Segment Open
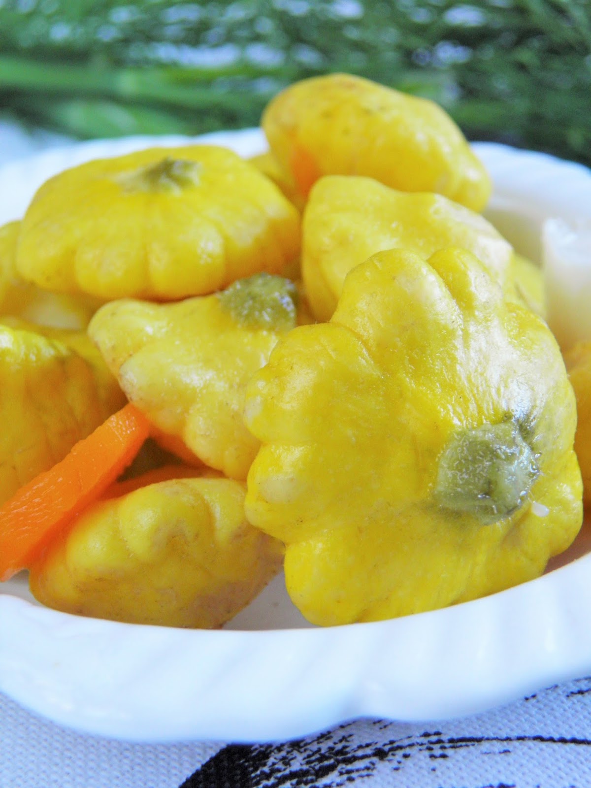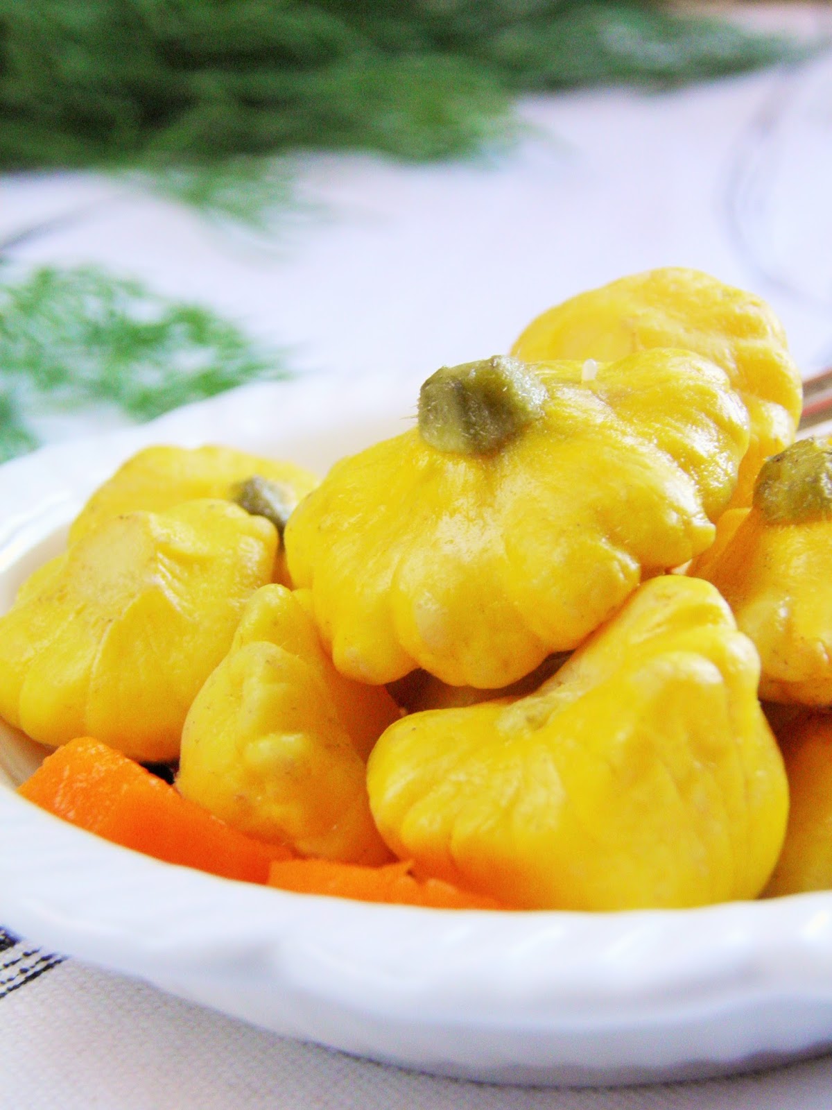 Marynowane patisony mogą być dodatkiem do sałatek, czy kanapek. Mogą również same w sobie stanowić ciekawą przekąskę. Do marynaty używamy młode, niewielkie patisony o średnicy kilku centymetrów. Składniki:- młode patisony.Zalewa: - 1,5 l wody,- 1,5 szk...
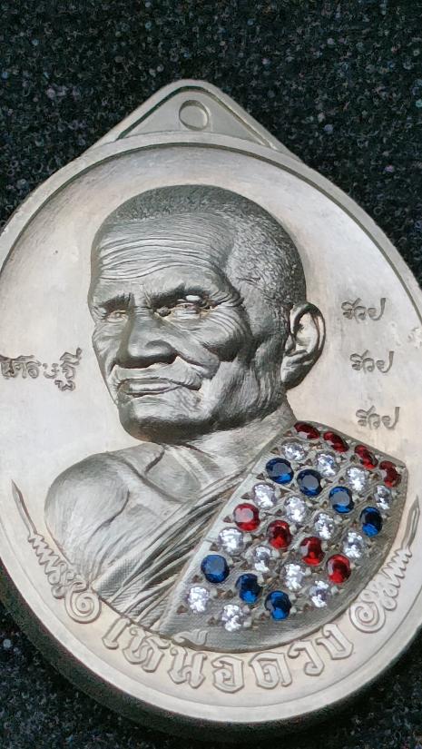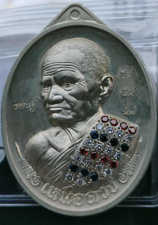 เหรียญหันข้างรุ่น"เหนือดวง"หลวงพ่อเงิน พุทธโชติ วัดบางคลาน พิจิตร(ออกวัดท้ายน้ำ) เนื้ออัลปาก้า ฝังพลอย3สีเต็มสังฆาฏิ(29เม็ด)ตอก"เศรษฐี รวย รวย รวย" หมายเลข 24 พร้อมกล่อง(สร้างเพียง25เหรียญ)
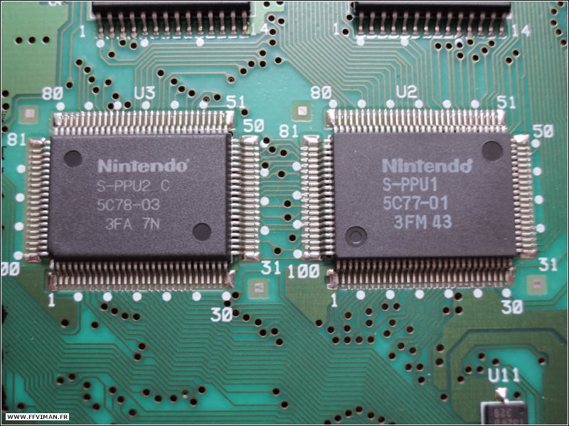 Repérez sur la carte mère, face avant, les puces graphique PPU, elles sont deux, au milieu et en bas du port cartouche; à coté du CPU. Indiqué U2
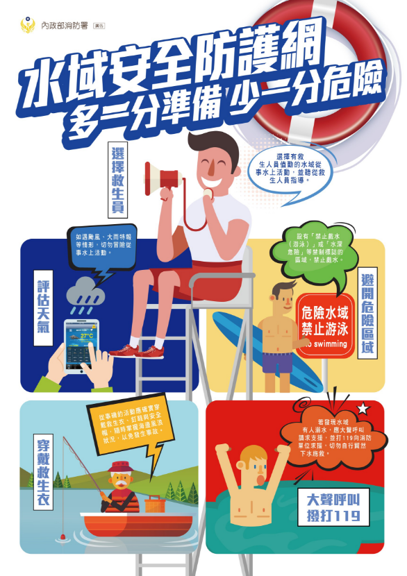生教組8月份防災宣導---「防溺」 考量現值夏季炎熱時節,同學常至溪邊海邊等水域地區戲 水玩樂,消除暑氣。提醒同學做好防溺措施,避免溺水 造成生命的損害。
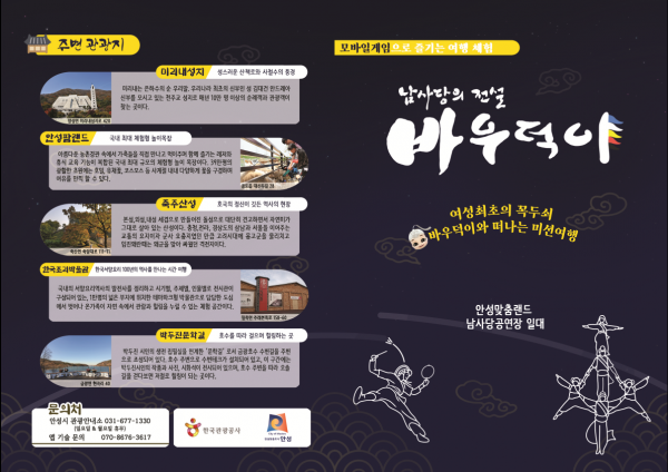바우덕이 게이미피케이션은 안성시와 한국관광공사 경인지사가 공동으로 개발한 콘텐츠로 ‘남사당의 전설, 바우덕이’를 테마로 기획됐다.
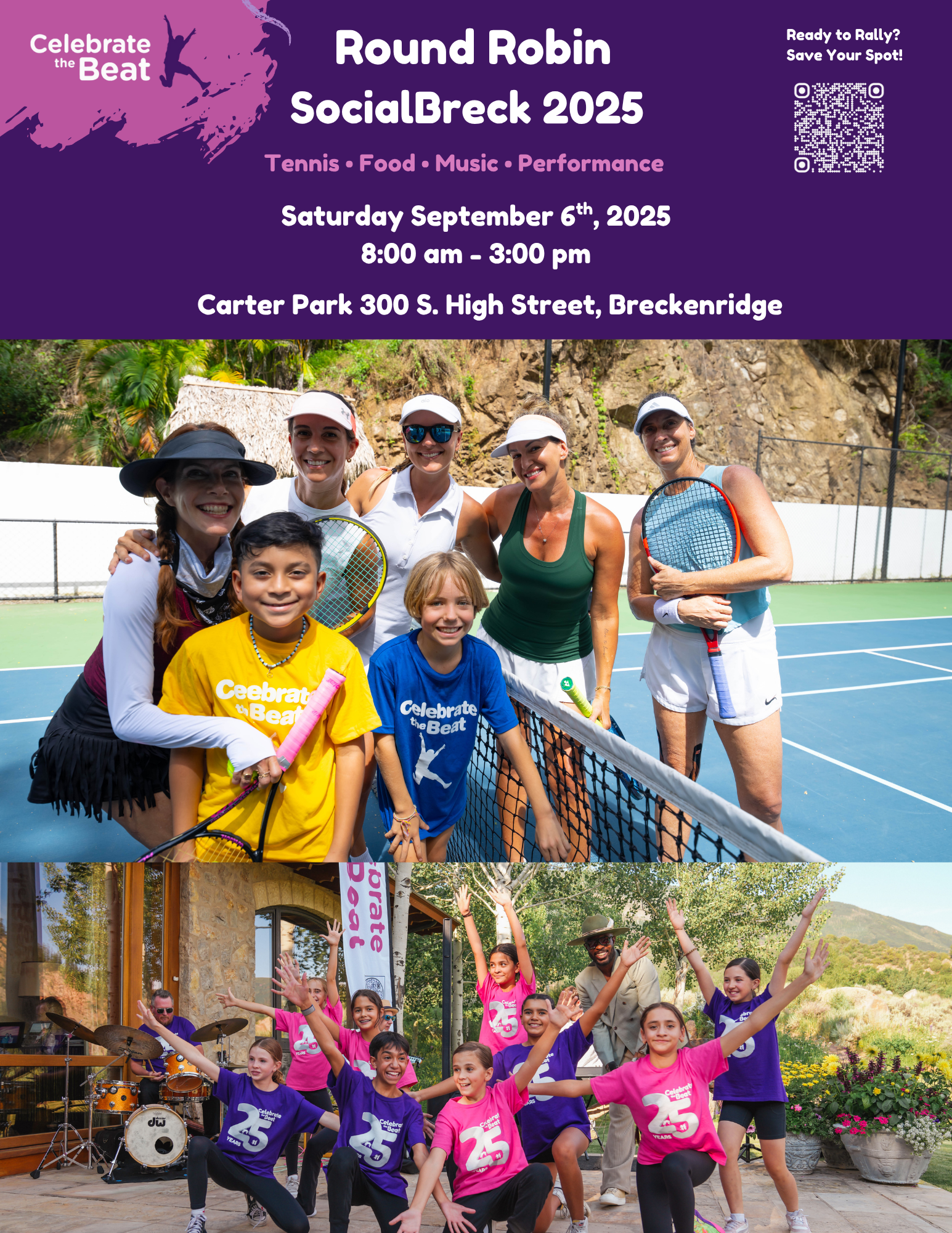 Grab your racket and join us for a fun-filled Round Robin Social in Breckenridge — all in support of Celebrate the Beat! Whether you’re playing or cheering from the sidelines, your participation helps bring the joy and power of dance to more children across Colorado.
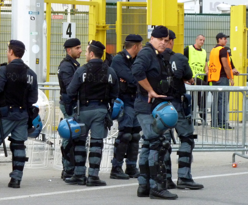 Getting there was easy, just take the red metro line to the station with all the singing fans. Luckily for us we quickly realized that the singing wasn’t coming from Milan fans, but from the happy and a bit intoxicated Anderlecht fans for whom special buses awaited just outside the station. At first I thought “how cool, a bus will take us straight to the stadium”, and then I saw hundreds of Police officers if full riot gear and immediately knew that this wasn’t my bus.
Segment Closed
# TRY IT
Output exactly the lines of the listing above that start with the one holding "考量現值夏季炎熱時節,同學常至溪邊海邊等水域地區戲 水玩樂,消除暑氣。提醒同學做好防溺措施,避免溺水 造成生命的損害。" and go on through the one holding "Grab your racket"; leave the pictures out.

# EXERCISE OUTPUT
生教組8月份防災宣導---「防溺」 考量現值夏季炎熱時節,同學常至溪邊海邊等水域地區戲 水玩樂,消除暑氣。提醒同學做好防溺措施,避免溺水 造成生命的損害。
바우덕이 게이미피케이션은 안성시와 한국관광공사 경인지사가 공동으로 개발한 콘텐츠로 ‘남사당의 전설, 바우덕이’를 테마로 기획됐다.
 Grab your racket and join us for a fun-filled Round Robin Social in Breckenridge — all in support of Celebrate the Beat! Whether you’re playing or cheering from the sidelines, your participation helps bring the joy and power of dance to more children across Colorado.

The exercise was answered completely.